Чех оглянулся на медленно бредущих людей, едва-едва ползущие повозки. Слышался смех, веселые вопли. Дети уже не сидели без сил на подводах, а
бегали наперегонки. Один ухитрился нацепить на острогу огромную рыбину, за ним гонялись с визгом и хохотом.
— Ожили, — сказал он с великим облегчением. — Ожили... Когда? Наступает осень, а к зиме надо успеть хотя бы накопать землянок. Еще лучше —
срубить хоть какие-то дома.
Лех кивнул. Срубить дом можно за день-другой, а на все племя — за неделю. Нужно только, чтобы лес был под рукой. А здесь среди степи
попадаются лишь крохотные гаи.
— Когда дашь знак?
Чех покачал головой:
— Нужно идти до первых заморозков. А вы двое садитесь на коней, дуйте вперед. Там развилка... долина расходится тремя клиньями. Пусть один
проедет по одному рукаву, другой по другому...
Лех сказал живо:
— Еще кого-нибудь возьмем? Там три рукава, ты сам говорил.
— Пожалуй...
— Ерша, — предложил Лех. — Или Бугая, а то засиделся. Можно Твердую Руку.

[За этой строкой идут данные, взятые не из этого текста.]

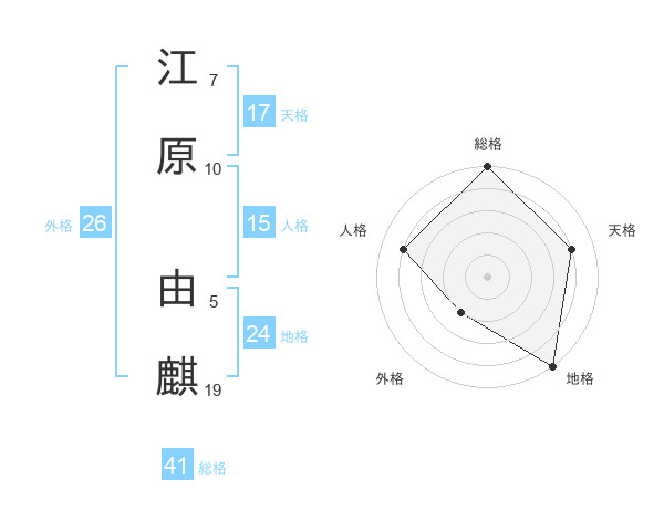 江原 由麒さんの天格は17画の4点!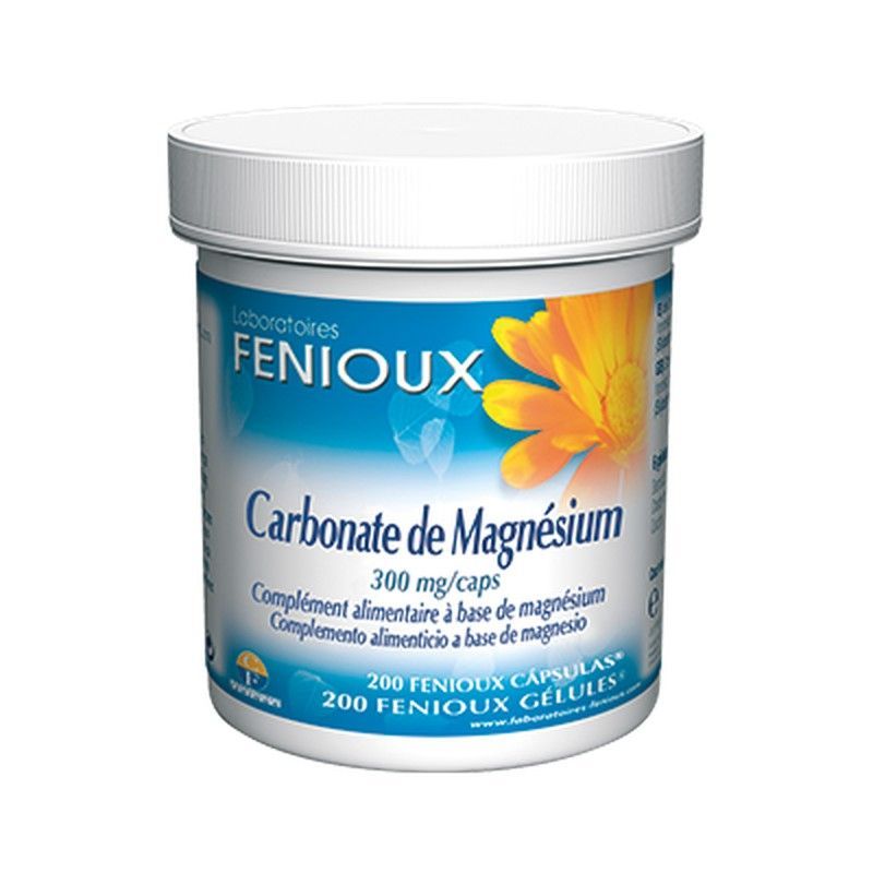 Carbonato de magnesio 300 mg en 200 cápsulas de Laboratoires FENIOUX. Complemento alimenticio ideal para mantener niveles adecuados de magnesio en el organismo. Fórmula de alta calidad, fácil de tomar y adecuada para adultos que buscan apoyo nutricional diario. Envase práctico y seguro.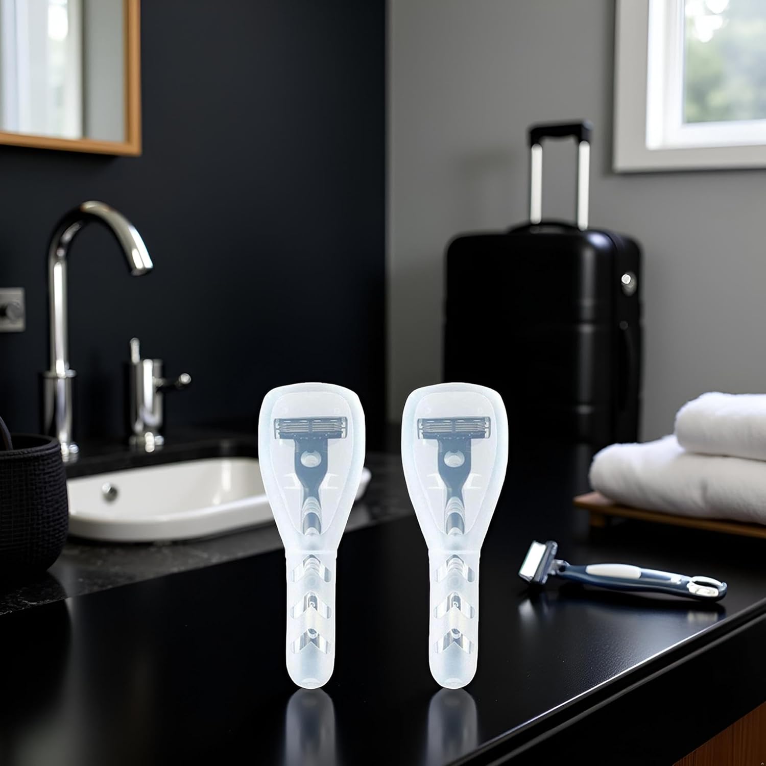 - VERSATILE STORAGE: Set of 2 transparent razor cases designed to protect and organize manual razors during travel and storage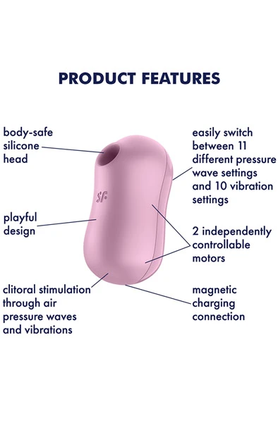Satisfyer Cotton Candy gir opphissende klitorisstimulering gjennom en kombinasjon av vibrasjoner og trykkbølger. To separat kontrollerbare motorer med 11 trykkbølgeintensiteter og 12 vibrasjonsprogrammer gir en mengde mulige kombinasjoner!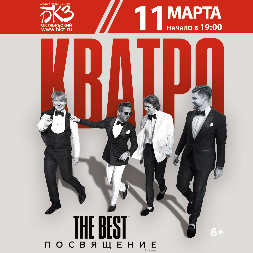 11 марта в БКЗ «Октябрьский» состоится грандиозное шоу — большой сольный концерт российской вокальной группы «КВАТРО» с симфоническим оркестром.

Чех подумал, покачал головой. К удивлению братьев, сказал неспешно:
— Третьим пусть едет Сова.
Лех поморщился:
— Раб из каменоломни?
Рус ощетинился, а Чех сказал обыденно:
— Вы все сейчас — изгои. А он — неплохой воевода. Я как-то говорил с ним, человека сразу видно.
Лех обиделся:
— Будто среди наших мало славных воевод! Одного Бугая взять...
— И Бугай хорош, — согласился Чех, — но Сова из кожи лезет, чтобы увидели его полезность. Не знаю, что замыслил, но уж очень старается.
Раздался дробный топот копыт. Подскакали смущенные дозорные. Чех весело скалил зубы. Дозор увидел то, что он еще вчера узрел с верхушки
дерева. В зеленую долину словно бы врезались два острых клина, рассекая ее на три рукава. И настолько одинаковых, что никто не знал, по какому
из них идти.
— Привал, — велел он. — Ну и что, если еще полдень? Зажигай костры! Гойтосир, где ты? Подумай, не приходится ли на сегодня какой-нибудь
праздник?
Ночью Русу казалось, что костров в степи полыхает столько, сколько звезд на небе. Ис вместе с ним бродила от костра к костру, слушала песни,
с изумлением смотрела на зажигательные пляски. Мужчины плясали до упаду, а женщины и дети только смотрели с телег. Здесь был мир мужчин, и хотя
никто не запрещал женщинам ездить верхом или охотиться хотя бы на зайцев, те лишь гордо указывали на мужчин. Это их дело. Если же на коня сядет
женщина, то это укор мужчине, который не сумел обеспечить, накормить, привезти...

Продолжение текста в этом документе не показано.